さらに、オレゴン大学の経済学者らが2024年9月に発表した論文では、「スポーツ賭博の合法化によって家庭内暴力が増加する」という予期せぬ結果が明らかになっています。過去の研究では、NFLのホームチームが逆転負けすると男性がパートナーに暴力を振るう可能性が10%増加することがわかっていましたが、この影響はスポーツ賭博が合法である州だとさらに大きくなるとのことです。



リーマン氏は、「研究のデザインにより、これらの結果はスポーツギャンブルが何と相関しているかだけでなく、何を引き起こすかを明らかにしています」とコメント。多くの人々は娯楽としてほんの少額を賭けて満足できるかもしれませんが、中には強迫的にのめり込んで借金や破産に至り、家庭内暴力やうつ病などにつながるリスクがあります。低所得世帯が本来であれば家を買ったり、学位を取得したり、借金を返したりするために使えたはずの資金をスポーツ賭博に使ってしまうことも問題です。

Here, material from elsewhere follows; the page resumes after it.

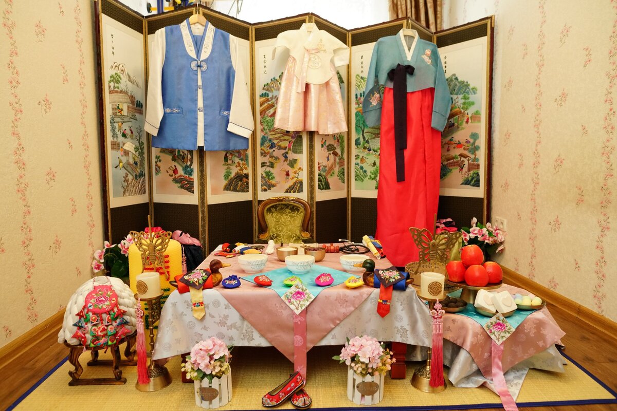 Корейскую традицию Асянди моему сыну в 2013 году мы проводили по-простому: привезли низкий столик, накрыли обычную скатерть и своими силами положили различные предметы, а костюм для ребенка привозили из Кореи наши родственники в подарок. В 2020 году все сильно изменилось: индустрия праздников в Алматы очень сильно развилась за это время, это коснулось и корейских традиционных праздников, поэтому в этот раз мы решили сделать все более красиво, чем в первый раз. Все-таки для девочки это важно, как мне показалось. Результат представлен на фото: Все, что Вы видите на фото, мы взяли в аренду. Приехали люди, которые привезли кучу всяких мешочков и пакетиков, тряпочек, ширму и, непосредственно, 4 костюма: для двух детей и двух родителей. Конечно, изначально я хотела заказать ханбок (корейский национальный костюм) в Корее, как и было у сына, но, признаться честно, качественные, из хорошей ткани наряды стоят недешево. На Алиэкспрессе видела очень большой выбор: от синтетических ханбоков за 2

また、スポーツ賭博の合法化は州にとって大きな税収をもたらすことはなく、合法化した38州すべてを合わせても四半期ごとの税収は約5億ドル(約700億円)程度です。これは、アルコールやタバコ、マリファナといった嗜好(しこう)品よりも少ない額となっています。さらに、少なくともマサチューセッツ州ではスポーツ賭博の合法化後も違法な賭博サイトが弱体化しなかったため、「違法な市場を弱体化させる」という目的すら達成できていませんでした。

このように、スポーツ賭博の合法化による利益はほとんどない上に悪影響ばかりが大きいため、テキサス州やカリフォルニア州など依然としてスポーツ賭博が非合法の州では、このまま合法化するべきではないとリーマン氏は考えています。また、すでに合法化してしまった州でも、非合法に戻す価値は十分にあると主張しています。

リーマン氏は、「もしも各州が『民主主義の実験室』であるならば、スポーツ賭博の合法化に関する実験結果は一様に否定的です。苦しみを長引かせるくらいなら今すぐ研究を終わらせた方がいいでしょう」と述べました。